Manifesta, sem alarde, que muitos tratamentos levam a consumir os bens das
pessoas sem resultado e a beneficiar quem assume o encargo de os fazer
convenientemente. Denuncia, sem o dizer, as situações desumanas que ocorrem
nesta área tão sensível de uma sociedade humanizada que quer garantir o serviço
de saúde a todos/as.
A mulher manifesta o valor da saúde
integral: a do físico e emocional, a da mente e relacional, a do ambiente e
espiritual.

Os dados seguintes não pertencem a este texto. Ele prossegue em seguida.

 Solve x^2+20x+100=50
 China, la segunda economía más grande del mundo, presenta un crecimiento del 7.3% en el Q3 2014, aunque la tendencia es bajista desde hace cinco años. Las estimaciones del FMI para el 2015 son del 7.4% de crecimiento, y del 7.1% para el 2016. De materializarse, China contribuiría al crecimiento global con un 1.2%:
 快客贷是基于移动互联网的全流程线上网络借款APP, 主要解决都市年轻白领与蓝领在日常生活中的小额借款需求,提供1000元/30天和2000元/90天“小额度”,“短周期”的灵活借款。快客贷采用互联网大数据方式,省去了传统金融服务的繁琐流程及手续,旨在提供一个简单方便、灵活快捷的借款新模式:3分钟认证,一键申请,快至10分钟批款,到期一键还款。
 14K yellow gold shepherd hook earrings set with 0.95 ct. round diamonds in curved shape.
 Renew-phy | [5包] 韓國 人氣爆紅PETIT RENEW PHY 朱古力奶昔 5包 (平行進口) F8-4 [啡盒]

Saúde integral que se enraiza numa correcta compreensão do corpo
humano.
O Papa Francisco, ao falar, no dia 25 de
Junho de 2018, na «Academia para a Vida» lembra a “sabedoria que deve inspirar
a nossa atitude” chamada a considerar a qualidade ética e espiritual da vida em
todas as suas fases. E designa esta atitude por “ecologia humana”. E prossegue
referindo-se ao nosso corpo “que nos situa numa relação directa com o ambiente
e com os outros seres vivos. A aceitação do próproo corpo como dom de Deus é
necessária para acolher e aceitar o mundo inteiro como dom do Pai e casa comum,
enquanto uma lógica de domínio sobre o próprio corpo se transforma numa lógica,
às vezes subtil, de domínio sobre a criação”. E, em jeito de conclusão, o Papa
adianta: “Aprender a receber o próprio corpo, a cuidar dele, e a respeitar os
seus significados, é essencial para uma verdeira ecologia humana. Também a
valoração do próprio corpo na sua femineidade ou masculinidade é necessária para
se reconhecer a si mesmo no encontro com o diferente”( Laudate Si, nº 155).

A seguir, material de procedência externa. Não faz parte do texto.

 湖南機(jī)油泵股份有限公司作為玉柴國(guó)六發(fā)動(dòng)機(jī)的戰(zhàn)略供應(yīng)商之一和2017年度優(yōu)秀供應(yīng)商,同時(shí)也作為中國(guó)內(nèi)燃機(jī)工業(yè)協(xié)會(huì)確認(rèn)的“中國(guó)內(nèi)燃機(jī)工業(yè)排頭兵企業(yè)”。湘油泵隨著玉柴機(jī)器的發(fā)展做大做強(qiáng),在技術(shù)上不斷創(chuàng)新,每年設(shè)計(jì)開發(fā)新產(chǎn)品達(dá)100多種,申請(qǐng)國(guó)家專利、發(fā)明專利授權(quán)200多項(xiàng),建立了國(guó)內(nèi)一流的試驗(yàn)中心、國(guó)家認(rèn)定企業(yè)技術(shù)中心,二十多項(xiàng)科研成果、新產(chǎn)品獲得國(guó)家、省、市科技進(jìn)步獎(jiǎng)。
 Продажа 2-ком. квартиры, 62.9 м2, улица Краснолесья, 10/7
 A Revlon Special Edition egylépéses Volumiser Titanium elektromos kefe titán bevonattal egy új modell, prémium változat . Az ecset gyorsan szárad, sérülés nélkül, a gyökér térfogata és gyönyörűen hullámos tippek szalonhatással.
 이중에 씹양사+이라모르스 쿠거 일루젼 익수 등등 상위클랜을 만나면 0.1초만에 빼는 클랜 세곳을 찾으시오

A mulher provoca o silêncio dos
acompanhantes de Jesus. Tal o inusitado. Silêncio que é indiciador do que havia
surgido: um novo olhar sobre a mulher, o corpo humano e sua condição sexuada,
sobre a pessoa como indivíduo aberta à relação de reciprocidade masculina e
feminina; um novo olhar sobre a sociedade de seres humanos iguais em dignidade,
diferentes em capacidades e complementares no desempenho de funções; um novo
olhar que emerge do olhar de Jesus que vê a multidão que o rodeia e aperta,
identifica a mulher que o tocou e, assustada, vem dizer-lhe a verdade do que
havia acontecido.
A mulher empreende a sua ousadia, após
dialogar com a sua consciência, de fazer o balanço entre a necessidade e o
risco, entre a dor da inibição e a alegria da exposição, da previsível
satisfação. Grande atitude: a cautela e a ponderação dão as mãos e aconselham a
melhor opção. Avançou e acertou. E recebeu de Jesus o reconhecimento público da
sua ousadia: “Minha filha, a tua fé te salvou”.
Marcos, o narrador, não indica nada sobre
o que teriam dito os discípulos, os amigos de Jairo, os outros acompanhantes. O
relato deixa em aberto essa atitude para as gerações seguintes poderem parar,
saborear, quebrar barreiras, mergulhar na bondade de Jesus que, prossegue,
incansavelmente nos caminhos da missão, a testemunhar um rosto diferente do
nosso Deus que se espelha no cuidado integral do corpo humano. Prossegue também
por meio de nós, como cidadãos cristãos, na Igreja e na sociedade.